Le présent arrêt doit être déclaré opposable à l'AGS représentée par le CGEA de [Localité 7] dont la garantie n'est acquise au salarié que dans les limites et plafonds légaux et réglementaires.
PAR CES MOTIFS
La cour,
- Infirme le jugement entrepris en ses dispositions relatives au montant du rappel de salaire pour les heures supplémentaires, à l'indemnité pour repos compensateur et aux dommages intérêts pour exécution déloyale du contrat de travail,
- Confirme les autres dispositions du jugement,
Statuant de nouveau des chefs infirmés et y ajoutant :
- Fixe au passif de la liquidation judiciaire de la société Burlot Service Transport les créances de M.[K] aux sommes suivantes :
- 8 549,46 euros brut au titre de rappel de salaire pour heures supplémentaires,
- 854,94 euros pour les congés payés afférents ;
- 873,76 euros net au titre de l'indemnité pour repos compensateurs;
- 500 euros à titre de dommages et intérêts pour exécution déloyale du contrat de travail
- Ordonne à la SELARL TCA, ès-qualités de mandataire liquidateur judiciaire de la société Burlot Service Transport de remettre à M. [K] le bulletin de salaire et les documents de rupture ( certificat de travail , attestation France Travail et attestation caissse de retraite) conformes à la présente décision.

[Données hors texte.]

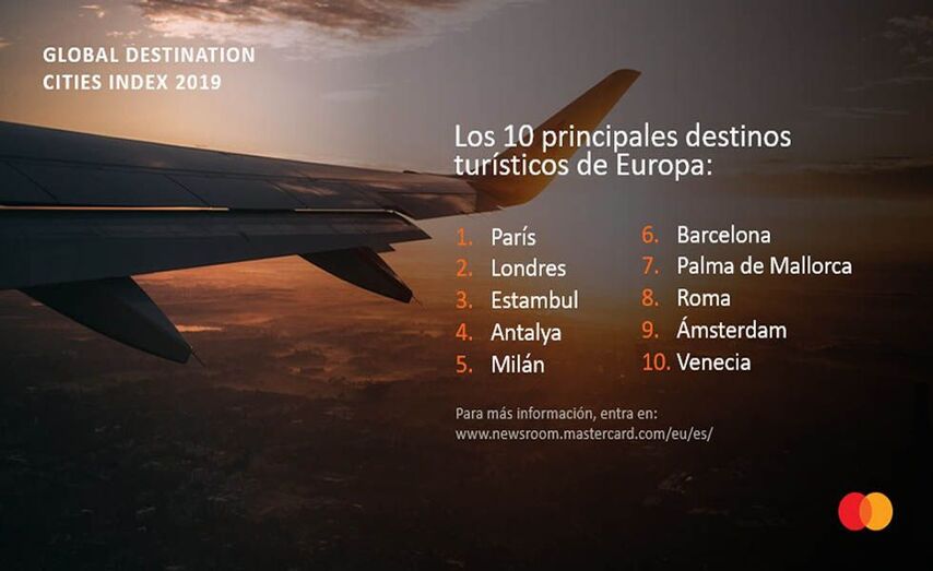En Europa, París se alza como el principal destino, seguida por Londres, que pierde así el primer puesto. Por su parte, Barcelona y Palma de Mallorca entran en el top 10 (puestos 6 y 7 respectivamente). De cara a 2019, el Global Destinantion Cities Index 2018 de Mastercard prevé que Barcelona experimentará un aumento del 4,78% en el número de turistas internacionales, mientras que Palma de Mallorca tendrá un incremento del 4,40%. Por su parte, las ciudades europeas que más crecerán en número de turistas serán Estambul y Antalya, con un 8,14% cada una.
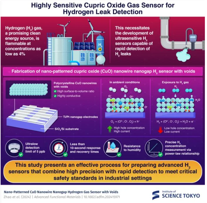 本研究提出了一種制備先進(jìn)氫氣(H₂)傳感器的有效工藝,該傳感器兼具高精度與快速檢測(cè)的特點(diǎn),能夠滿足工業(yè)環(huán)境中的關(guān)鍵安全標(biāo)準(zhǔn)。圖片來(lái)源:東京科學(xué)研究所
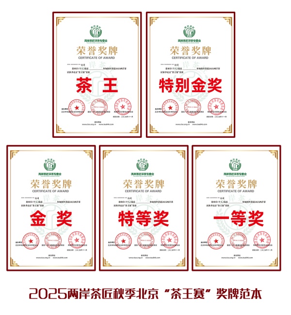 5、奖项设置:每款茶品以50个茶样为基础,设置奖项茶王1名、金奖(特别金奖)4名、特等奖6名、一等奖数名(评委会可根据实际情况调整奖项增减),获得者颁发《荣誉证书》,需制作牌匾、参会自愿另付费用。
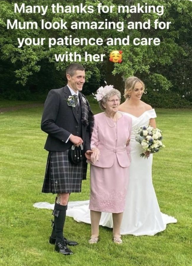 Thank you so much for the care and attention you showed to Grannie (Florence). She looked amazing and really enjoyed her grandson’s wedding day.
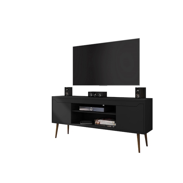 Beautifully crafted and built to last, the Bradley TV stand has plenty of style and charm, instantly upping your design game. This piece makes functionality and storage look chic and seamless, with open shelving to display media accessories, DVD players, books, and beyond, and two storage cubbies concealed behind two artful cabinet doors. Set your TV center stage or hang it above the unit to draw your favorite people together for a great movie night in. Grab the hidden wine glasses or snack bowls from the cabinet below and settle in for the perfect evening.
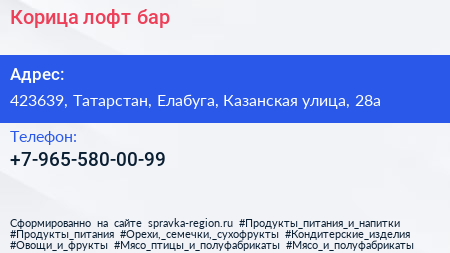 Корица, лофт-бар по адресу 423639, Татарстан, Елабуга, Казанская улица, 28а в дальнейшем Организация, размещена в следующих категориях:
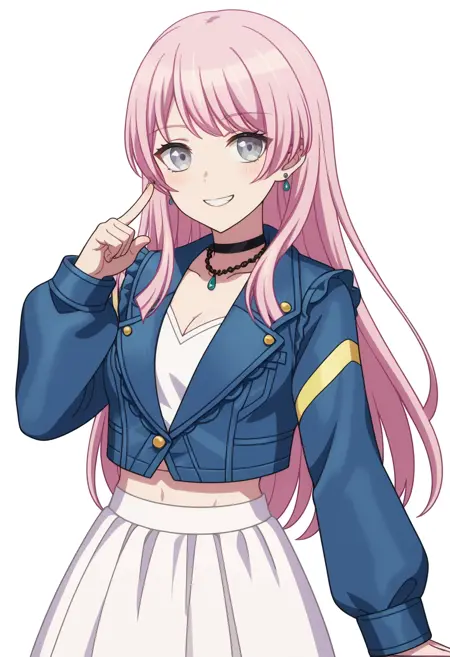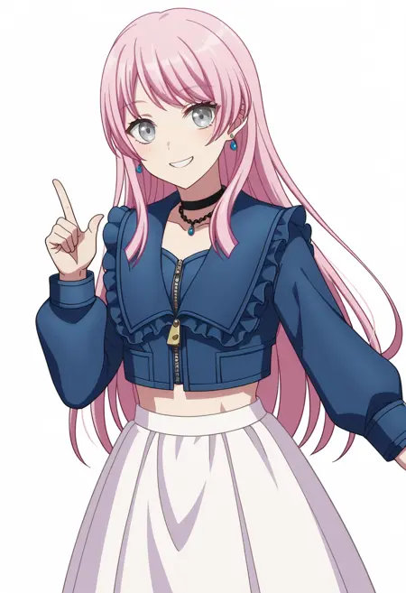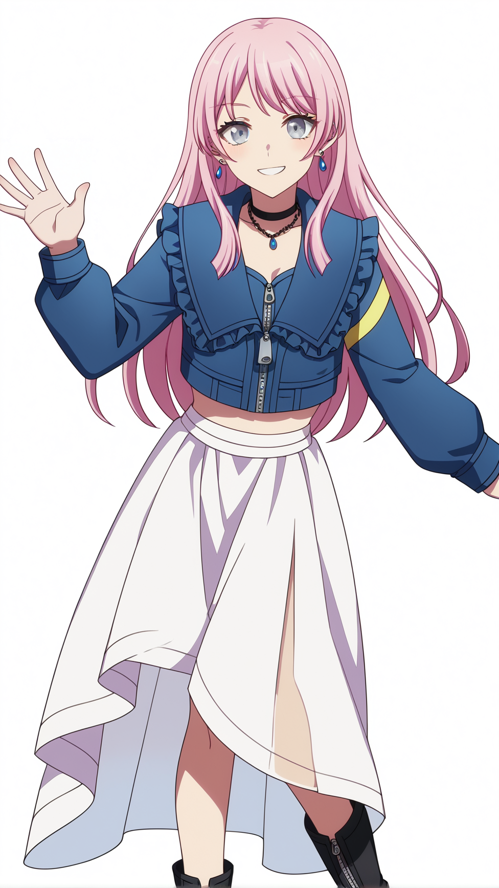 ライブ衣装:chihaya anon, ピンクの髪, グレイの目, 青いジャケット, 白いスカート, ロングスカート, 透け感のあるスカート, カロップジャケット, デニムジャケット, 黒いチョーカー, ネックレス, ピアス, ジッパー, フリル

- Condamne la SELARL TCA, ès-qualités de mandataire liquidateur judiciaire de la société Burlot Service Transport à payer à M. [K] la somme de 1 500 euros à titre des dispositions de l'article 700 du code de procédure civile ;
-Déclare le présent arrêt opposable à l'AGS représentée par le CGEA de [Localité 7] et rappelle que les créances ne seront garanties par l'AGS que dans les limites prévues par l'article L 3253-8 du code du travail et les plafonds prévus par les articles L 3253-17 et D 3253-5 du même code,
- Condamne la SELARL TCA, ès-qualités de mandataire liquidateur judiciaire de la société Burlot Service Transport aux dépens d'appel.